* Goal of the exercise: Reproduce exactly the lines below from the one containing "Nabízím nápojovou soupravu" through the one containing "Жилет свободного прямого", including both, and nothing else.

* The data:
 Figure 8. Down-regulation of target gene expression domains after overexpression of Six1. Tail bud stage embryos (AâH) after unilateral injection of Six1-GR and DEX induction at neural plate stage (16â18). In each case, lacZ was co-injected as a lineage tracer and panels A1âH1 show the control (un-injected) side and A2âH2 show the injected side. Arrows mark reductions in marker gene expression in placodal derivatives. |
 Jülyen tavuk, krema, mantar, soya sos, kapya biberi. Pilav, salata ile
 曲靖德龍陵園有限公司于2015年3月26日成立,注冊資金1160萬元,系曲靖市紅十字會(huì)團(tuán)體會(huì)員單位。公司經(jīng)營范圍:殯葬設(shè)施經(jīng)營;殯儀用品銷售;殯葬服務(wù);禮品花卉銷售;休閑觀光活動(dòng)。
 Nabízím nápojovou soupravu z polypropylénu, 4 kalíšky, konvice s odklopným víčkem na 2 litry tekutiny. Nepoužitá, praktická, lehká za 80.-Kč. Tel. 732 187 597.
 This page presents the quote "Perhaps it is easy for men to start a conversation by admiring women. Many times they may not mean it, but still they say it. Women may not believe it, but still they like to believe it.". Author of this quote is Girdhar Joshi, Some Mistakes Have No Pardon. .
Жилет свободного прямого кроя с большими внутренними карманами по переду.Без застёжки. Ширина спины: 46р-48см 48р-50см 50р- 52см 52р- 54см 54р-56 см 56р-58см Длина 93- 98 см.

==

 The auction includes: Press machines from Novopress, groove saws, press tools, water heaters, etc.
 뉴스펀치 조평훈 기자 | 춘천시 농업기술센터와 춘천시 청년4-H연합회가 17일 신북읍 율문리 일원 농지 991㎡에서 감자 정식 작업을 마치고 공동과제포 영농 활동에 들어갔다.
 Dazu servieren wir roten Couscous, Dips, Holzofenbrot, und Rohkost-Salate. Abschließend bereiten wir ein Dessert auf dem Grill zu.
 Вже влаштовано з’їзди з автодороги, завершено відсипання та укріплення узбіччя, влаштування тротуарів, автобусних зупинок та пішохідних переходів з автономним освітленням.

---

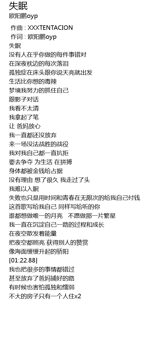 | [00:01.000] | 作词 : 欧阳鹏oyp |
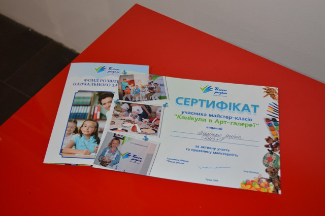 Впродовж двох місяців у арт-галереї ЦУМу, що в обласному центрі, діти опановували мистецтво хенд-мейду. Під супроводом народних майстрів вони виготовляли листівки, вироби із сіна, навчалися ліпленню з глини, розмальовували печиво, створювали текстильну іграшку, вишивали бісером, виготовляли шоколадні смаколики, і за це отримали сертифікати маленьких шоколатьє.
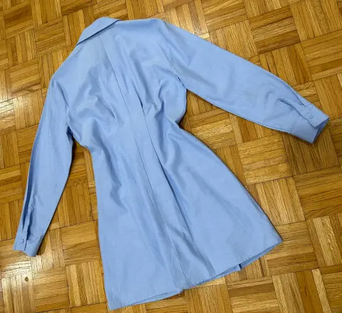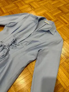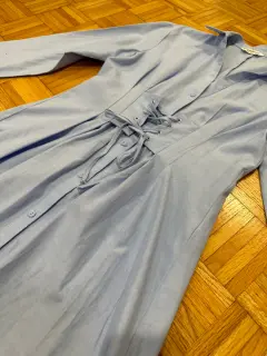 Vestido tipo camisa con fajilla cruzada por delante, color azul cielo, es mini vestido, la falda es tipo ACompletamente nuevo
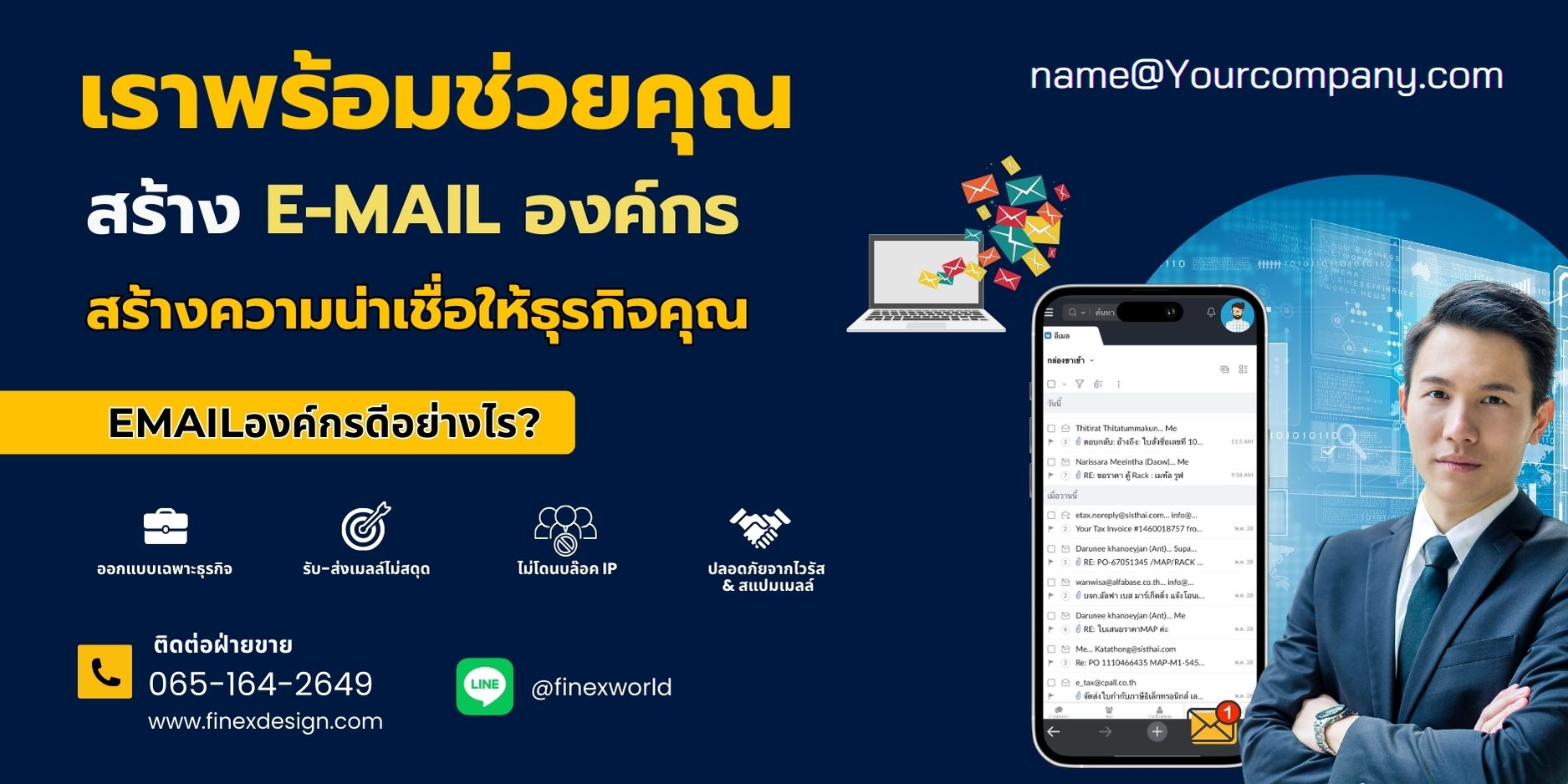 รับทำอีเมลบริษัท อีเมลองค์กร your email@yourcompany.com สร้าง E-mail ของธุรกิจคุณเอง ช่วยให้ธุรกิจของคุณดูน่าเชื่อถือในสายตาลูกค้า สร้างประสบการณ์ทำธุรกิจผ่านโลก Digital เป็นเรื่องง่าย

* Exercise solution:
 Nabízím nápojovou soupravu z polypropylénu, 4 kalíšky, konvice s odklopným víčkem na 2 litry tekutiny. Nepoužitá, praktická, lehká za 80.-Kč. Tel. 732 187 597.
 This page presents the quote "Perhaps it is easy for men to start a conversation by admiring women. Many times they may not mean it, but still they say it. Women may not believe it, but still they like to believe it.". Author of this quote is Girdhar Joshi, Some Mistakes Have No Pardon. .
Жилет свободного прямого кроя с большими внутренними карманами по переду.Без застёжки. Ширина спины: 46р-48см 48р-50см 50р- 52см 52р- 54см 54р-56 см 56р-58см Длина 93- 98 см.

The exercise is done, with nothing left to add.